My husband recently got a job offer in Querétaro, Mexico, and since neither of us have ever been to Mexico, even on vacation, we have a lot of questions... 
We've done a little bit of research and it appears that Querétaro is a pretty safe and modern place to live since it has become an important business town? I'm from Nevada, USA and my husband is from Spain, where we currently live. 
The reasons I'm excited about the possible move are: Being from Nevada I like hot, dry climates. I have a functional level of Castillian Spanish and I'd love to improve my Mexican Spanish. I like Mexican food (well, American-Mexican food since I've never had the real thing!). And I think it would be an enriching experience living in the country & learning more about their culture. We'd also like to do some traveling around the country while living there if that's pretty safe and easy to do.
The reasons we're feeling unsure: The stat that Mexico is one of the countries with the most kidnappings in the world scares me. Also I do not look latina at all and I'm worried about not fitting in very well (tall white redhead). Is that anything to be worried about? Are the locals very friendly to foreigners?
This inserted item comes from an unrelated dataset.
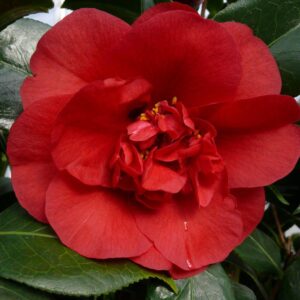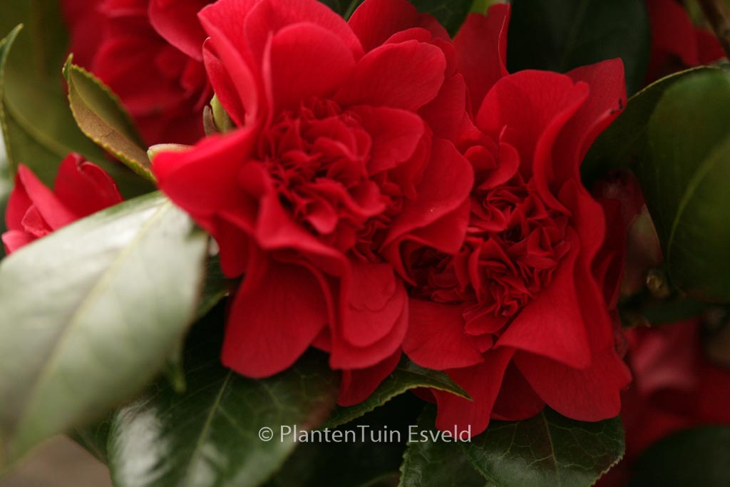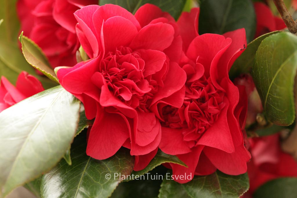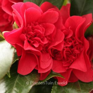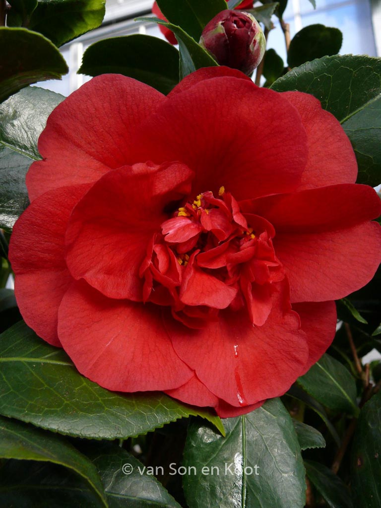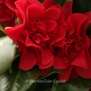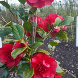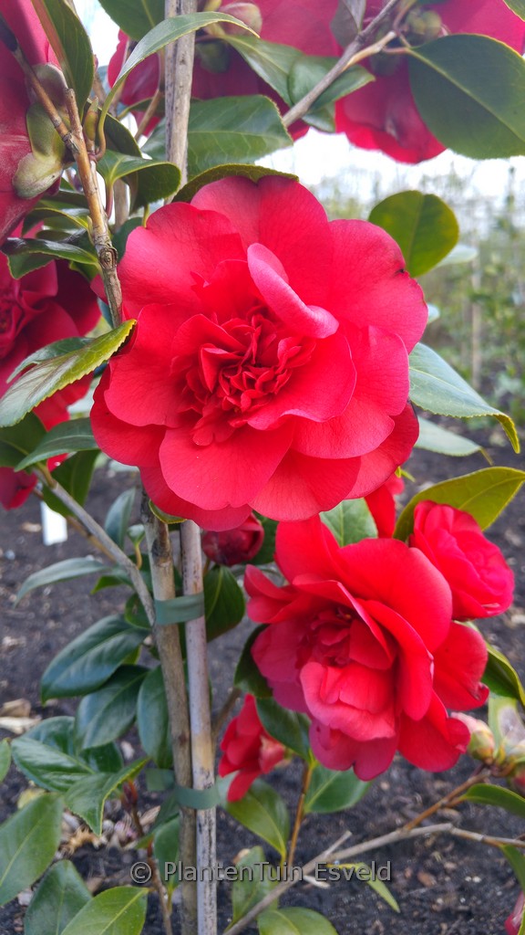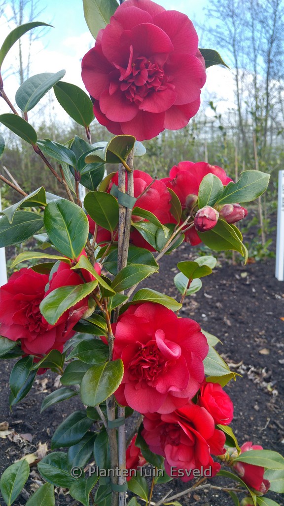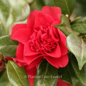 dubbelbloemige camellia met wijnrode jonge scheuten Maar de mooie jonge scheuten zijn natuurlijk niet de enige kwaliteit van deze Engelse cultivar uit 2004. De kroonbladen, gegroepeerd rond een hart van petaloiden, zijn helderrood. Bloeitijd midden tot laat. De hoogte na 10 jaar is 200 cm. De bloemkleur is helderrood. De bloeiperiode is februari – maart. Deze plant is goed winterhard. Nederlandse naam : Japanse roos . . Is aanwezig op de kwekerij. Kijk ook op de voorraadlijst op onze site.

Our #1 concern is safety of course but I'm sure we'd be just fine as tons of Americans travel to Mexico each year on vacation?
We'd really welcome any comments about living in Mexico and especially about life in Querétaro. 

Thank you!!! 
-Holly


----------



## sparks

> The reasons we're feeling unsure: The stat that Mexico is one of the countries with the most kidnappings in the world scares me. Also I do not look latina at all and I'm worried about not fitting in very well (tall white redhead). Is that anything to be worried about? Are the locals very friendly to foreigners?


If it's widely know that your family has a lot of money and you appear to have lots of money ... you probably have a 1 in 1 million chance of being targeted for kidnapping.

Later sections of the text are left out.